> **DIRECTIONS FOR THIS TASK**
Pictures excluded, reproduce exactly the lines below from the one with "Только член команды" through the one with "商品规格:东明 DIN814", both included.

> **SUPPLIED ENTRIES**
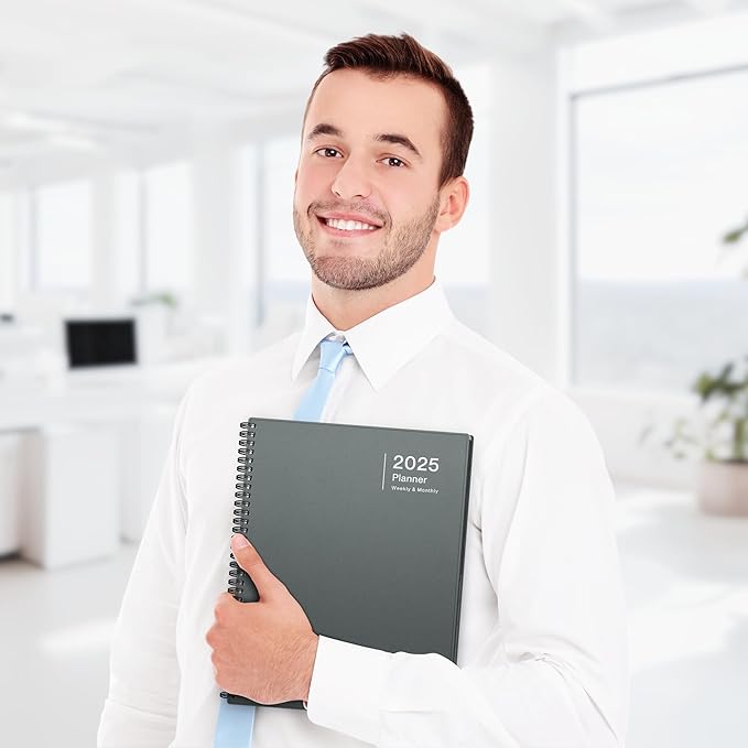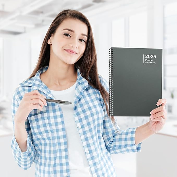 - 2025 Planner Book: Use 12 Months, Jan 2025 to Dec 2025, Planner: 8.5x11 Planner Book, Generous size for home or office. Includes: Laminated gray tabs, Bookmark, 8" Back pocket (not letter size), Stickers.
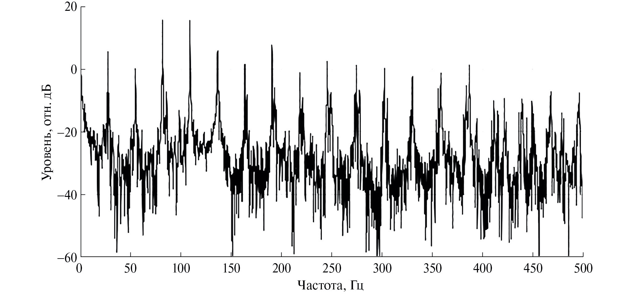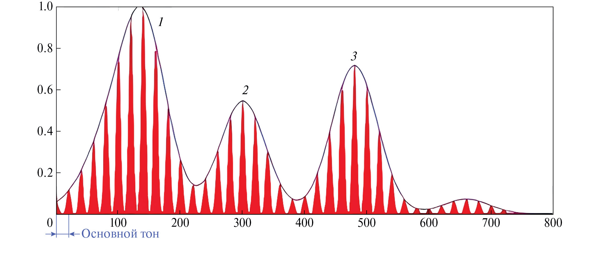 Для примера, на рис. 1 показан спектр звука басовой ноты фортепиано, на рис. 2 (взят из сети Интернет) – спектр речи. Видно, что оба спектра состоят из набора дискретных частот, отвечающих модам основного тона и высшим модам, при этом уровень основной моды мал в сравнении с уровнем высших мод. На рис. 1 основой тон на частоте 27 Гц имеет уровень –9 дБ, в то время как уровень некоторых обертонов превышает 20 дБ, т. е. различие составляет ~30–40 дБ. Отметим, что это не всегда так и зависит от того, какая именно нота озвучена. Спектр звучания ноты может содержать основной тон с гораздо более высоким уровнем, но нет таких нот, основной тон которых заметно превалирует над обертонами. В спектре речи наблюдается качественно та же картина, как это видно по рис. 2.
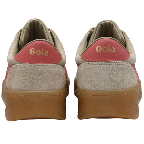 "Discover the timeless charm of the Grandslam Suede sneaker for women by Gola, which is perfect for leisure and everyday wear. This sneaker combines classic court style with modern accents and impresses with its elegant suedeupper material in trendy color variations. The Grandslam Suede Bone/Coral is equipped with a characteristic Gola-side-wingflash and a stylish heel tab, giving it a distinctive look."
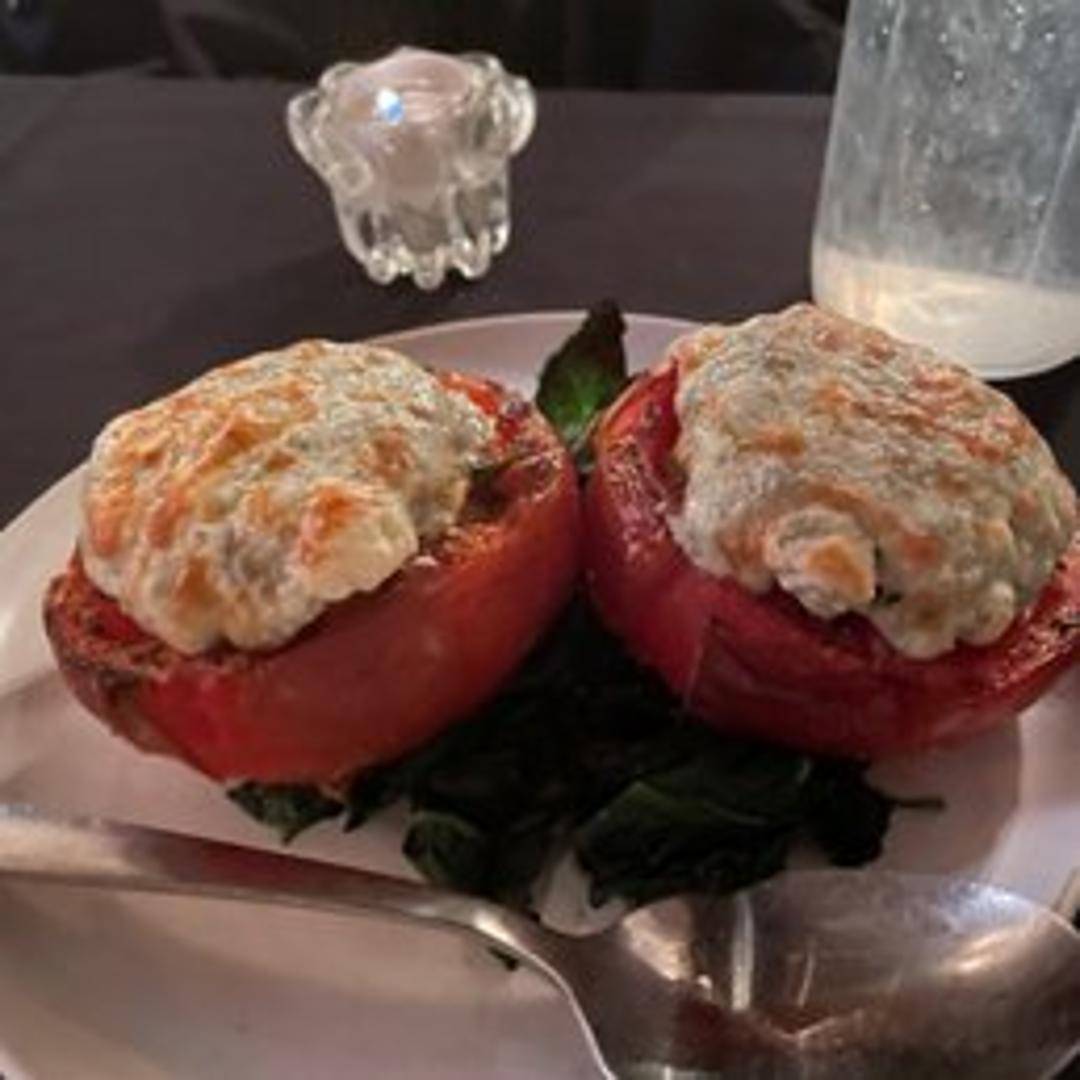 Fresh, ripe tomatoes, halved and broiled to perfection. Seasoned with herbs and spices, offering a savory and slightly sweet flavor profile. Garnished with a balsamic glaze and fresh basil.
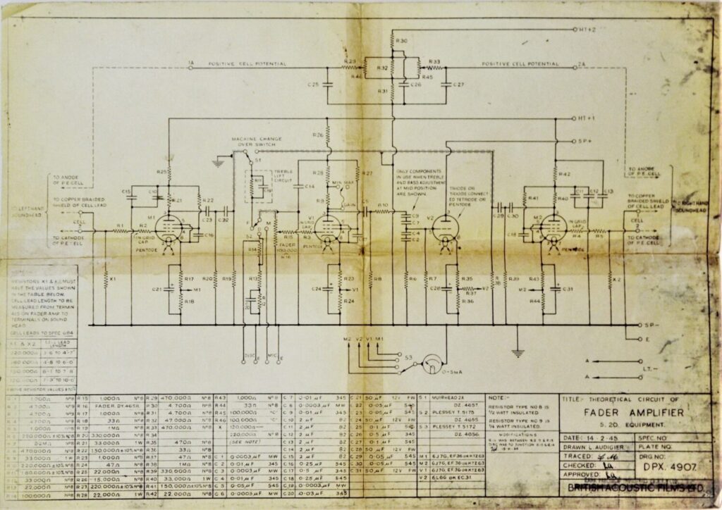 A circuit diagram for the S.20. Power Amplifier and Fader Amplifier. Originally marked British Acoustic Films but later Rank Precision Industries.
* * *
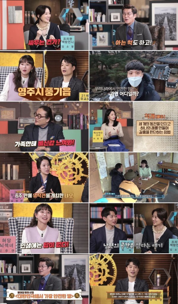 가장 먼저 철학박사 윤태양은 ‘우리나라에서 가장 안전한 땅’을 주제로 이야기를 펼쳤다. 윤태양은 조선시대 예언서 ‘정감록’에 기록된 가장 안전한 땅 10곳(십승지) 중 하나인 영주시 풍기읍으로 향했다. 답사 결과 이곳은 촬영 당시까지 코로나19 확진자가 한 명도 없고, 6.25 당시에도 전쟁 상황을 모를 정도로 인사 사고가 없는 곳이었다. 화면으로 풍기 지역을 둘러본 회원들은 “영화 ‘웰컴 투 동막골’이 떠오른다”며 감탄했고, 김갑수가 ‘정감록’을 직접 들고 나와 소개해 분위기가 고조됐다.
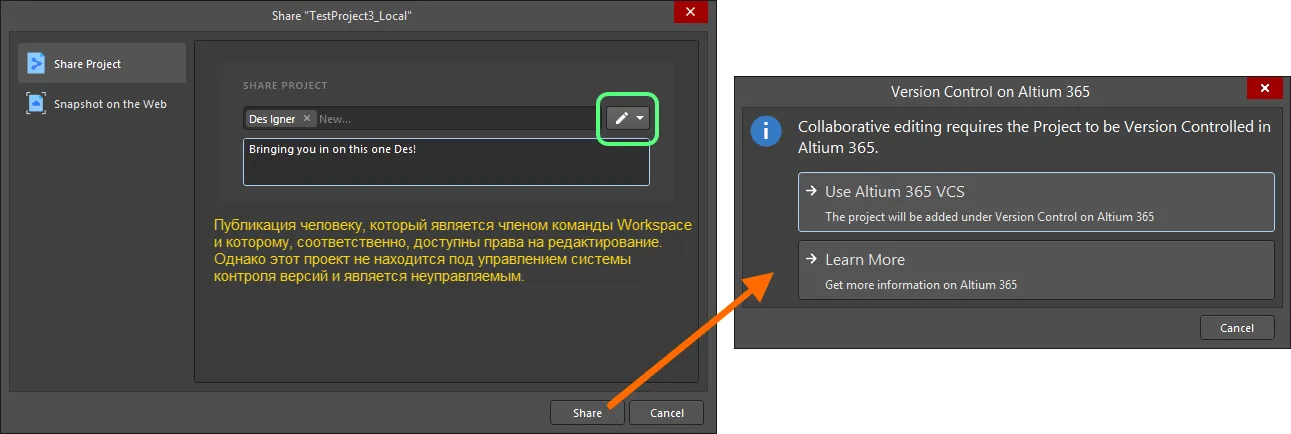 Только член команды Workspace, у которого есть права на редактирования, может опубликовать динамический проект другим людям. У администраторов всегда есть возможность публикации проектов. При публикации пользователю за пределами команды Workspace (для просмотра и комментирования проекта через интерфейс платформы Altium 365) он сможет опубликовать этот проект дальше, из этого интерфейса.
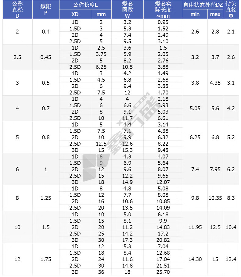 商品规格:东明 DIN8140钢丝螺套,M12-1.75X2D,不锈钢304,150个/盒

> **YOUR SOLUTION**
 Только член команды Workspace, у которого есть права на редактирования, может опубликовать динамический проект другим людям. У администраторов всегда есть возможность публикации проектов. При публикации пользователю за пределами команды Workspace (для просмотра и комментирования проекта через интерфейс платформы Altium 365) он сможет опубликовать этот проект дальше, из этого интерфейса.
 商品规格:东明 DIN8140钢丝螺套,M12-1.75X2D,不锈钢304,150个/盒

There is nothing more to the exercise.